Military Science Faculty
05901/Military Science (Army ROTC)
The Military Science Program can lead to a commission as a U.S. Army Officer. The Military Science Program is comprised of the Basic Course and the Advanced Course. Contact the Professor of Military Science, (215) 204-7480, for registration and scholarship procedures.
0015. Introduction to Military Science (1 s.h.) F
Prerequisite: Permission of instructor. An orientation to mission, organization, and the capabilities of the U.S. Army. The role of the ROTC, customs and traditions of the service, basic military skills, and introductions to military leadership. Students must enroll in Lab 0015L, sec. 041 and participate in one weekend exercise.
0016. Introduction to Military Science II (1 s.h.) S
Prerequisite: Permission of instructor. An introduction to land navigation, map reading, and terrain analysis. The students will gain an understanding of the military use of maps in association with actual terrain. The student will also learn the fundamentals of military communication skills in written and oral communications, and physical fitness program. Students must enroll in Lab 0016L, sec. 041 and participate in one weekend exercise.
0015L, 0016L. Leadership Lab
Open only to and required of students in the military science courses 0015 and 0016. Learn and practice basic skills of team-building, leadership skills and build self-confidence.
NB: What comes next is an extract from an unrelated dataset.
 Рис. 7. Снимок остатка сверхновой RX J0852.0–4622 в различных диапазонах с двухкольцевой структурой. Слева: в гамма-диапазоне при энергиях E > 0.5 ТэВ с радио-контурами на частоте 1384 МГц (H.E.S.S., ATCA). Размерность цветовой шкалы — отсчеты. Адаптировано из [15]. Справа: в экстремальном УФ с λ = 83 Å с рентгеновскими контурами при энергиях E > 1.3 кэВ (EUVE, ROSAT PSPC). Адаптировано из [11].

0027. Small Unit Operations and Leadership (1 s.h.) S
Prerequisite: Permission of instructor. Students will learn the principles of planning and conducting small unit operations. Emphasis will be placed on learning and developing leadership skills. Practical applications and performance oriented training are included.
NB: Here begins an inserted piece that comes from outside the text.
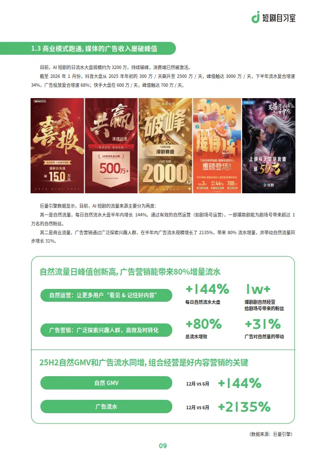 消费端需求被点燃:用户规模高速增长(复合增速约12%),核心用户画像为年轻男性(男性占比73%,40岁以下用户占比85%)。抖音端全年累计播放量超757亿,商业模式跑通,日流水大盘规模约3200万,广告投流成为重要增长引擎。

0031. Basic Military Skills and Leadership (1 s.h.) F
Prerequisite: Permission of instructor. Students are introduced to basic military skills and leadership principles. Students are introduced to the 16 leadership dimensions and participate in simulations to assess their leadership behavior.
0027L, 0031L. Leadership Lab
Open only to and required of students in the military science courses 0027 and 0031. Learn and practice basic skills of team-building, leadership skills and build self-confidence.
0131. Applied Leadership and Management I (2 s.h.) F
Prerequisite: Permission of instructor. To prepare the ROTC Advanced Course cadet for successful completion of the demanding ROTC Advanced Camp through rigorous leadership and management exercises. Emphasis on physical fitness, land navigation and communication techniques. Weekly Leadership Laboratories and two weekend field exercises.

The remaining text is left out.